Install NSX Advanced Load Balancer

NSX Advanced Load Balancer (ALB), formerly known as Avi Vantage, provides L4+L7 load balancing services to the deployments on vSphere. Tanzu Kubernetes Grid includes VMware NSX Advanced Load Balancer Essentials Edition.

The management cluster deployments on Amazon EC2 or Microsoft Azure creates the Amazon EC2 or Azure load balancer instances automatically. They do not require the load balancing services offered by NSX ALB.

NSX ALB in Tanzu Kubernetes Grid

You can configure NSX Advanced Load Balancer (ALB) in Tanzu Kubernetes Grid as:

  • A load balancer for workloads in the clusters that are deployed on vSphere.
  • The VIP endpoint provider for the control plane API server.

Each workload cluster integrates with NSX ALB by running an Avi Kubernetes Operator (AKO) on one of its nodes. The cluster’s AKO calls the Kubernetes API to manage the lifecycle of load balancing and ingress resources for its workloads.

NSX ALB as an L4+L7 Ingress Service Provider

As a load balancer, NSX ALB provides an L4+L7 load balancing solution for vSphere. It includes a Kubernetes operator that integrates with the Kubernetes API to manage the lifecycle of load balancing and ingress resources for workloads.

Legacy ingress services for Kubernetes include multiple disparate solutions. The services and products contain independent components that are difficult to manage and troubleshoot. The ingress services have reduced observability capabilities with little analytics, and they lack comprehensive visibility into the applications that run on the system. Cloud-native automation is difficult in the legacy ingress services.

In comparison to the legacy Kubernetes ingress services, NSX ALB has comprehensive load balancing and ingress services features. As a single solution with a central control, NSX ALB is easy to manage and troubleshoot. NSX ALB supports real-time telemetry with an insight into the applications that run on the system. The elastic auto-scaling and the decision automation features highlights the cloud-native automation capabilities of NSX ALB.

To configure the NSX ALB on your workload clusters, see Configure NSX Advanced Load Balancer.

NSX ALB also lets you configure L7 ingress for your workload clusters by using one of the following options:

L7 Ingress in ClusterIP Mode

This option enables NSX Advanced Load Balancer L7 ingress capabilities, including sending traffic directly from the service engines (SEs) to the pods, preventing multiple hops that other ingress solutions need when sending packets from the load balancer to the right node where the pod runs. This option is fully supported by VMware. However, each workload cluster needs a dedicated SE group for Avi Kubernetes Operator (AKO) to work, which could increase the amount of SEs you need for your environment.

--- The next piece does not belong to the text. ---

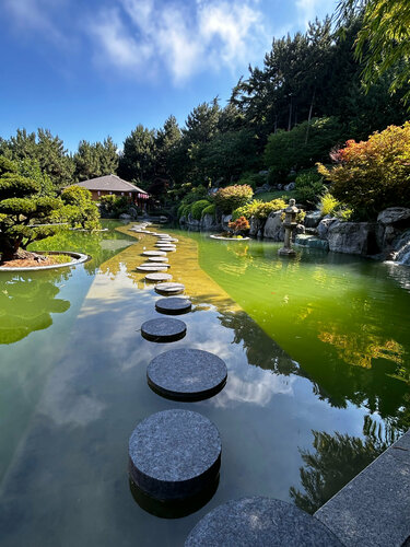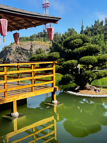 Купив билет в парк Айвазовского, нажарившими на солнышке , мы попали в верхний парк - Японский сад. Стоимость входа допом 600 р, наличными ❗️.

L7 Ingress in NodePortLocal Mode

Like the option above, this option avoids the potential extra hop when sending traffic from the NSX Advanced Load Balancer SEs to the pod by targeting the right nodes where the pods run, this time by leveraging the integration between NSX Advanced Load Balancer and Antrea. With this option, the workload clusters can share SE groups. However, VMware support will not assist in configuring or troubleshooting this option.

L7 Ingress in NodePort Mode

NodePort mode is the default mode when AKO is installed on Tanzu Kubernetes Grid. This option allows your workload clusters to share SE groups and is fully supported by VMware. In this mode, traffic will leverage standard Kubernetes NodePort behavior, including its limitations, and will require services to be of type NodePort.

NSX ALB L4 ingress with Contour L7 ingress

This option lets workload clusters share SE groups, it is supported by VMware, and requires minimal setup. However, you will not have all the NSX Advanced Load Balancer L7 ingress capabilities.

NSX ALB L7 ClusterIP mode NSX ALB L7 NodePortLocal mode NSX ALB L7 NodePort mode NSX ALB L4 with Contour L7
Minimal SE groups required N Y Y Y
VMware supported Y N Y Y
NSX ALB L7 ingress capabilities Y Y Y N

To configure the NSX ALB L7 ingress, see Configuring L7 Ingress with NSX Advanced Load Balancer.

NSX ALB as a Control Plane Endpoint Provider

You can use NSX ALB as the control plane endpoint provider in Tanzu Kubernetes Grid. The following table describes the differences between NSX ALB and Kube-Vip, which is the default control plane endpoint provider in Tanzu Kubernetes Grid.

Kube-Vip NSX ALB
Sends Traffic to Single control plane node
Multiple control plane nodes
Requires configuring endpoint VIP Yes
Assigns VIP from the NSX ALB static IP pool

To configure NSX Advanced Load Balancer as a cluster’s control plane HA Provider, see NSX Advanced Load Balancer.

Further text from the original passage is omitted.